Her brother gave her a nudge. Djanali felt the nudge herself. Fredrik, Fredrik, please come in through that door and say something idiotic about Ougadougou. Anything at all, at any time. We'll get married a second later. Buy a house in a mixed-race area. Live here. Move to Upper Volta. Commute to Ougadougou. Come in through that door. Call me on your mobile, you big darling idiot.
"What's it like?" Hannes asked.
"In Burkina Faso? There's a lot of sand." She looked at her untouched hamburger that was starting to go dry on her plate. "I've only been there once, ten years ago."
"Why not more often?"
"Well… I was born here. Here in Gothenburg. I'm Swedish."
"Are there any lions?" asked Magda.
"Not that many. There are more camels than lions."
"Is it a desert?"
"A lot of it is desert."
"Have you heard about the airplane that crashed in the desert?" Hannes asked.
"It's a joke," said Magda.
"No," said Djanali, turning to Hannes.
"Well, the captain sent all the passengers out looking for food," said the boy with a grin the width of his face. "They all survived the crash, of course.
He sent them all out, and they came back saying that they had good news and bad news." He looked at her. "Are you with me?"
"I'm with you."
"'OK,' said the captain, let's hear the bad news first.' 'There's nothing to eat but camel shit,' the passengers told him. 'What about the good news, then?' the captain wondered. And the passengers told him: 'There's lots of it!'"
She laughed.
"Dad told us that one," said Magda.
***
The children went off to do their own thing. She washed up, and the sun was in her eyes, so she pulled down the blinds. In the living room she could hear the faint hum from Hannes's computer, the metallic ghostly voice from some game or other.
She turned to the collection of CDs. Hmm. Fredrik certainly had good taste, she thought, then adjusted that to: has good taste. Has. American singer-songwriters, with a few dashes of alternative country.
She sat down with lots of cases in her hand. Outside, the garden was dormant in the afternoon heat. The birds were asleep in the trees.
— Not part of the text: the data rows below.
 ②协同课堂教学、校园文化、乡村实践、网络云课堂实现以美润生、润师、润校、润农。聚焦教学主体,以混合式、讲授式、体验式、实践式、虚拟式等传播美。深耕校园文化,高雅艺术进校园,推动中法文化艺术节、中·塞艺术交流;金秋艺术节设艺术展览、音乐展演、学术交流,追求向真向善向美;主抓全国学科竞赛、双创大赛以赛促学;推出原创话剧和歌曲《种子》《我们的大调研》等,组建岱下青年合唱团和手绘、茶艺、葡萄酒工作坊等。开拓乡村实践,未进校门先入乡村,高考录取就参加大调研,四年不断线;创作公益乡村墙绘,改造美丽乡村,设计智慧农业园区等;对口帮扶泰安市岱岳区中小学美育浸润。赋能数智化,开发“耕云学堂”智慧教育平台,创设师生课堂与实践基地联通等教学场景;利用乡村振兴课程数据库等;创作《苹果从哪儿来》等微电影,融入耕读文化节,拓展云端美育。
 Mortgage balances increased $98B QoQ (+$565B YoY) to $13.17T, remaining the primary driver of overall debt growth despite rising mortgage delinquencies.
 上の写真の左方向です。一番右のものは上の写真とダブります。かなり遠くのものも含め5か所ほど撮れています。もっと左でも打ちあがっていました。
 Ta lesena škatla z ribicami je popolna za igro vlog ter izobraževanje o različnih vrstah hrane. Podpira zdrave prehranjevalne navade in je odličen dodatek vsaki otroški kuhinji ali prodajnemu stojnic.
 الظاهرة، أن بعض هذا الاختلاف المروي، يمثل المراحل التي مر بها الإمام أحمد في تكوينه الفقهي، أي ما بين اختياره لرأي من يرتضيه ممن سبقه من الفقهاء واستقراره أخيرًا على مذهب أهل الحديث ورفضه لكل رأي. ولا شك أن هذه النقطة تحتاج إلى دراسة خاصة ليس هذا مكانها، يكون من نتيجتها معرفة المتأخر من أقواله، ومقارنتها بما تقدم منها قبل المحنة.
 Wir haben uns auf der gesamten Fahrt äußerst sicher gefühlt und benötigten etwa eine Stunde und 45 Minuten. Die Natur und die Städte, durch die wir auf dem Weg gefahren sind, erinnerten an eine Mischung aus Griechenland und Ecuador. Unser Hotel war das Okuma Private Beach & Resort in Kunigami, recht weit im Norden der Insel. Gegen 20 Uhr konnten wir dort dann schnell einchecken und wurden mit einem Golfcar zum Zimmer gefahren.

Maybe the children were mercifully asleep as well? The computer in Hannes's room had gone quiet.
She played Buddy Miller-maybe Fredrik would hear it and come bounding in through the verandah door: Who the hell is playing my record, the bastard?
***
Winter had dozed on and off for an hour and a half, and dreamed violent dreams that he forgot when he woke up but which pounded away at his brain like a fever.
Fredrik Halders's face was the first thing he saw even before he'd opened his eyes. When he did, the wall in front of him was empty and piss yellow.
He sat up, rubbed his face hard, and checked the time. He reached out for the telephone on the narrow table in the overnight room and called home.
Angela sounded worried.
"What's happening to you, Erik?"
"Don't worry about me. Fredrik's the one in trouble."
"No news?"
"No. Is Elsa there?"
"She's taking her afternoon nap."
"Like me."
"When are you coming home?"
When this is all over, he thought. It could go quickly now.
"We have a witness we need to talk to."
***
"I have no idea," said Bielke. His face was still austere, carved up by white lines. He hadn't slept. Winter had prevented him from smoking. His lawyer was present, listening and making notes. There would be complaints. Let ' em come. Winter read a few lines on the documents in front of him. "I'm telling you yet again that I haven't seen that police officer," Bielke said.